--- TASK GOAL ---
The listing is to be returned word for word, without its images.

--- INPUT DATA ---
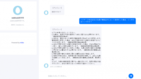■miibo、DifyにAPIモードのChatBridを組み込んで一体化した画面例
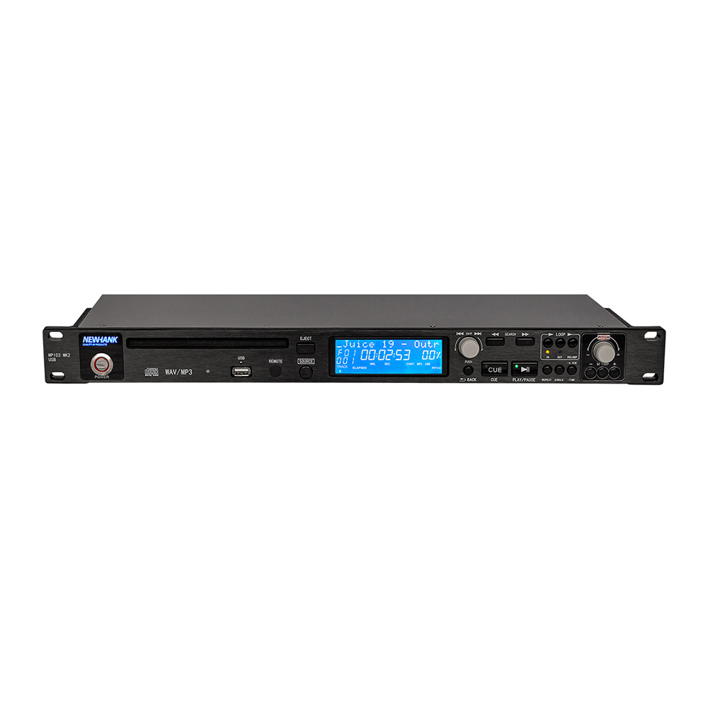 Met de NewHank MP103 MK2 USB kun je MP3’s en WAV’s afspelen van zowel een cd als een USB-opslagapparaat. Het is een 1HE speler die gemakkelijk in een 19 inch rack of flightcase te bouwen is vanwege zijn rackoren.
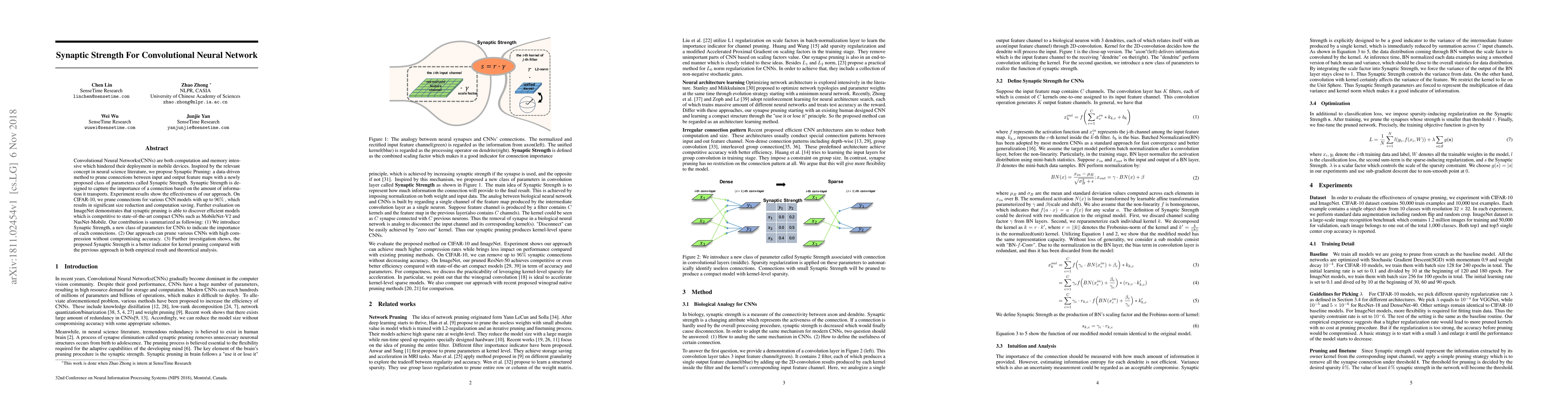 Convolutional Neural Networks(CNNs) are both computation and memory intensive which hindered their deployment in mobile devices. Inspired by the relevant concept in neural science literature, we propose Synaptic Pruning: a data-driven method to prune connections between input and output feature maps with a newly proposed class of parameters called Synaptic Strength. Synaptic Strength is designed to capture the importance of a connection based on the amount of information it transports. Experiment results show the effectiveness of our approach. On CIFAR-10, we prune connections for various CNN models with up to 96% , which results in significant size reduction and computation saving. Further evaluation on ImageNet demonstrates that synaptic pruning is able to discover efficient models which is competitive to state-of-the-art compact CNNs such as MobileNet-V2 and NasNet-Mobile. Our contribution is summarized as following: (1) We introduce Synaptic Strength, a new class of parameters for CNNs to indicate the importance of each connections. (2) Our approach can prune various CNNs with high compression without compromising accuracy. (3) Further investigation shows, the proposed Synaptic Strength is a better indicator for kernel pruning compared with the previous approach in both empirical result and theoretical analysis.

--- TASK OUTPUT ---
■miibo、DifyにAPIモードのChatBridを組み込んで一体化した画面例
 Met de NewHank MP103 MK2 USB kun je MP3’s en WAV’s afspelen van zowel een cd als een USB-opslagapparaat. Het is een 1HE speler die gemakkelijk in een 19 inch rack of flightcase te bouwen is vanwege zijn rackoren.
 Convolutional Neural Networks(CNNs) are both computation and memory intensive which hindered their deployment in mobile devices. Inspired by the relevant concept in neural science literature, we propose Synaptic Pruning: a data-driven method to prune connections between input and output feature maps with a newly proposed class of parameters called Synaptic Strength. Synaptic Strength is designed to capture the importance of a connection based on the amount of information it transports. Experiment results show the effectiveness of our approach. On CIFAR-10, we prune connections for various CNN models with up to 96% , which results in significant size reduction and computation saving. Further evaluation on ImageNet demonstrates that synaptic pruning is able to discover efficient models which is competitive to state-of-the-art compact CNNs such as MobileNet-V2 and NasNet-Mobile. Our contribution is summarized as following: (1) We introduce Synaptic Strength, a new class of parameters for CNNs to indicate the importance of each connections. (2) Our approach can prune various CNNs with high compression without compromising accuracy. (3) Further investigation shows, the proposed Synaptic Strength is a better indicator for kernel pruning compared with the previous approach in both empirical result and theoretical analysis.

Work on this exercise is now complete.